RELIANCE ON SUBSECTION 7.1(2) OF NATIONAL INSTRUMENT 51-102

Not applicable.

ITEM 7

OMITTED INFORMATION

Not applicable.

ITEM 8

EXECUTIVE OFFICER

The following executive officer of the Company is knowledgeable about the material change and this report:

Justin Hanka, Chief Executive Officer
Telephone: +61 433140886

ITEM 9

DATE OF REPORT

April 10, 2026

Cautionary Note Concerning Forward-Looking Statements

The material change report contains "forward-looking statements" within the meaning of applicable securities laws, including but not limited to, statements regarding the intended use of proceeds from the Offering, including the development of the Company's enterprise platform using voice and powered by AI for use in detecting drug and alcohol intoxication. Forward-looking statements can be identified by words such as: "anticipate," "intend," "plan," "budget," "believe," "project," "estimate," "expect," "scheduled," "forecast," "strategy," "future," "likely," "may," "to be," "could," "would," "should," "will" and similar references to future periods or the negative or comparable terminology, as well as terms usually used in the future and conditional. Forward-looking statements are based on assumptions as of the date they are provided. However, there can be no assurance that such assumptions will reflect the actual outcome of such items or factors.

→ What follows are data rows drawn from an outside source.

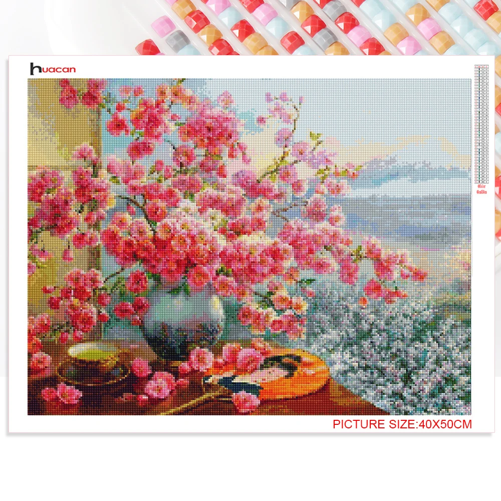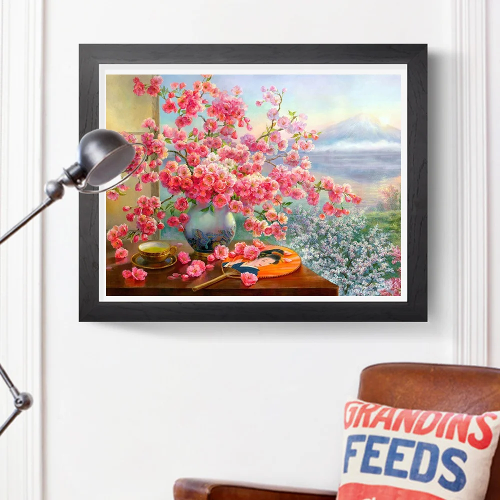 Huacan Алмазная мозаика Сакура ваза 5D алмазная живопись пейзаж окно вышивка ручная работа украшение для дома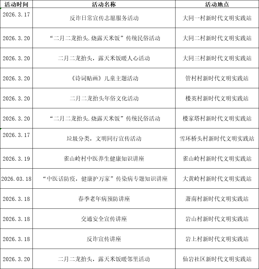 樓塔鎮(zhèn)新時代文明實踐活動預告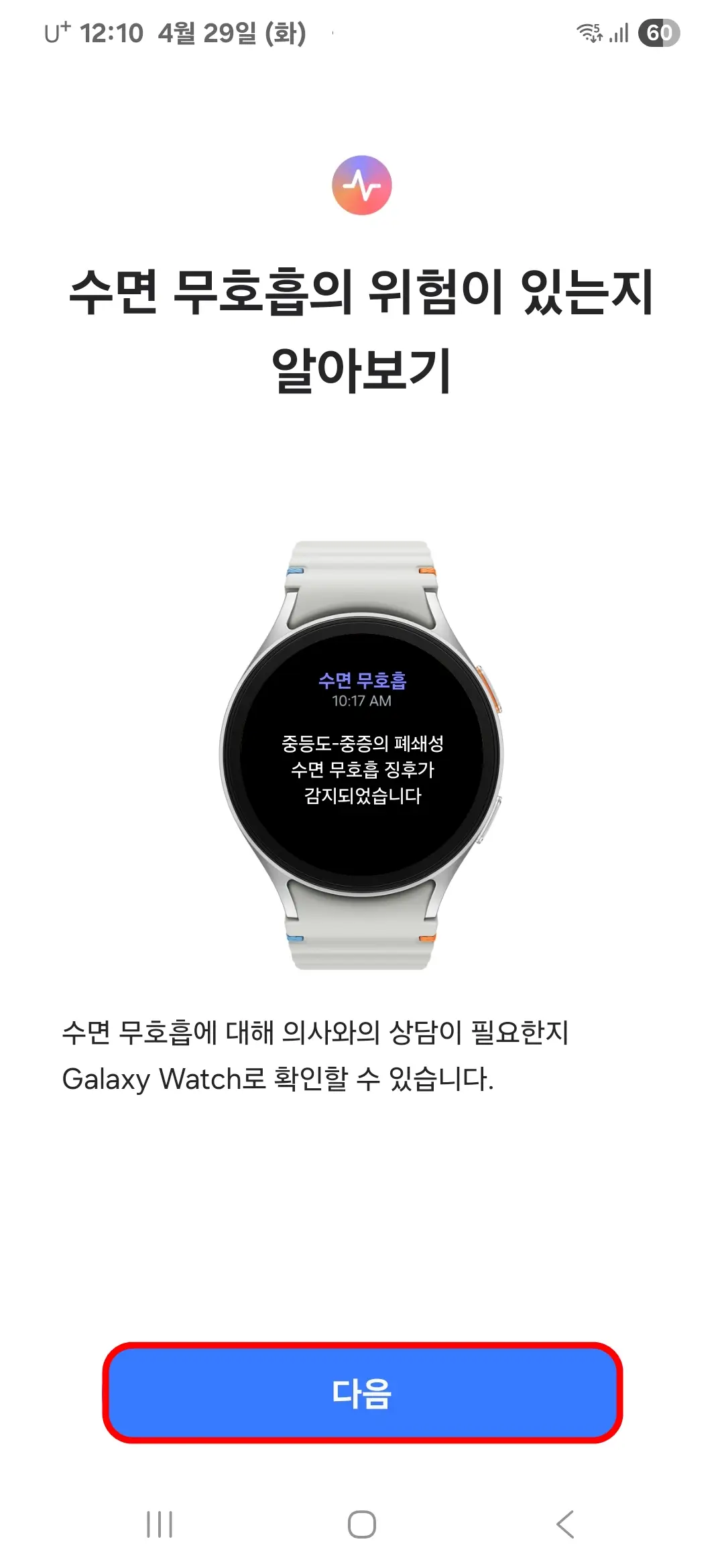 - 수면 무호흡에 대해 의사와의 상담이 필요한지 Galaxy Watch로 확인할 수 있습니다.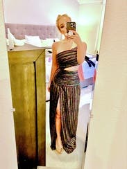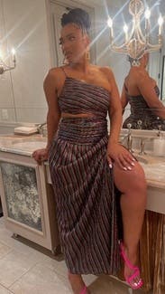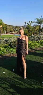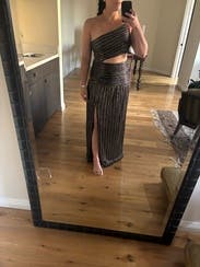 This dress definitely glistened in the night, on my skin, and was the twinkle of the night!! don’t walk, run to get this. It was a little big though so maybe size down. If you have big boobs keep your regular size but you’ll need tape.

Additionally, there are known and unknown risk factors that could cause the Company's actual results and financial conditions to differ materially from those indicated in the forward-looking statements. Therefore, you should not rely on any of these forward-looking statements. Important risk factors that could cause actual results and financial conditions to differ materially from those indicated in the forward-looking statements, include among others: the failure to obtain the final regulatory approval; technical challenges in the development or deployment of its enterprise platform; general economic, market and business conditions in Canada and Australia; market volatility; and unforeseen delays in timelines for any of the transactions or events described in this material change report. All forward-looking information is qualified in its entirety by this cautionary statement.

The Company disclaims any obligation to revise or update any such forward-looking statement or to publicly announce the result of any revisions to any of the forward-looking information contained herein to reflect future results, events or developments, except as required by law.